> [Excerpted records]
• • • • • • •

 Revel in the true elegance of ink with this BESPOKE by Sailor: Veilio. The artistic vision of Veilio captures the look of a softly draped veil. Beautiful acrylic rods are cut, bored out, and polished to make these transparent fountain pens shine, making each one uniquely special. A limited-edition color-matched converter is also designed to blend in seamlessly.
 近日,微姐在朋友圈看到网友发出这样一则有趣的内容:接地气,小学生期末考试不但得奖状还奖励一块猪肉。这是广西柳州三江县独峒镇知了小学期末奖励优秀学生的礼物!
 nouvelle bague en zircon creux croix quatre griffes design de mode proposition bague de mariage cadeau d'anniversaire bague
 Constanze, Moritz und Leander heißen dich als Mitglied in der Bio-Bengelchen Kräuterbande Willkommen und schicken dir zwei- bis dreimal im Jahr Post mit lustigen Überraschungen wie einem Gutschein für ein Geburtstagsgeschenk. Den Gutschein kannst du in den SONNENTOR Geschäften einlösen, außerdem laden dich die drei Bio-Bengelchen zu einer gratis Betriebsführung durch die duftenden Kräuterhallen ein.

• • • • • • •

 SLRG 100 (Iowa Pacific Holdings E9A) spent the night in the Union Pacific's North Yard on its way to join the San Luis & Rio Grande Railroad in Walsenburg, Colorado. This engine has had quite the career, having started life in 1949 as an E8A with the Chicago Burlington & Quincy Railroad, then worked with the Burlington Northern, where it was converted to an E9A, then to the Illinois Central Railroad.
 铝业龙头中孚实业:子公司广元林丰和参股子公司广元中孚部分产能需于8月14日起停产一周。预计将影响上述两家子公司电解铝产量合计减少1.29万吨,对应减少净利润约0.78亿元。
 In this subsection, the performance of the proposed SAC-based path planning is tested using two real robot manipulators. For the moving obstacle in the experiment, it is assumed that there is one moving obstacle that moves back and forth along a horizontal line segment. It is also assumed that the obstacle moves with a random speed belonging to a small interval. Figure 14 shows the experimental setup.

• • • • • • •

> [What the exercise asks]
Starting at the line above that contains "nouvelle bague en", write out each line exactly until the line that contains "Constanze, Moritz und" has been written, and stop there.

> [Task answer]
 nouvelle bague en zircon creux croix quatre griffes design de mode proposition bague de mariage cadeau d'anniversaire bague
 Constanze, Moritz und Leander heißen dich als Mitglied in der Bio-Bengelchen Kräuterbande Willkommen und schicken dir zwei- bis dreimal im Jahr Post mit lustigen Überraschungen wie einem Gutschein für ein Geburtstagsgeschenk. Den Gutschein kannst du in den SONNENTOR Geschäften einlösen, außerdem laden dich die drei Bio-Bengelchen zu einer gratis Betriebsführung durch die duftenden Kräuterhallen ein.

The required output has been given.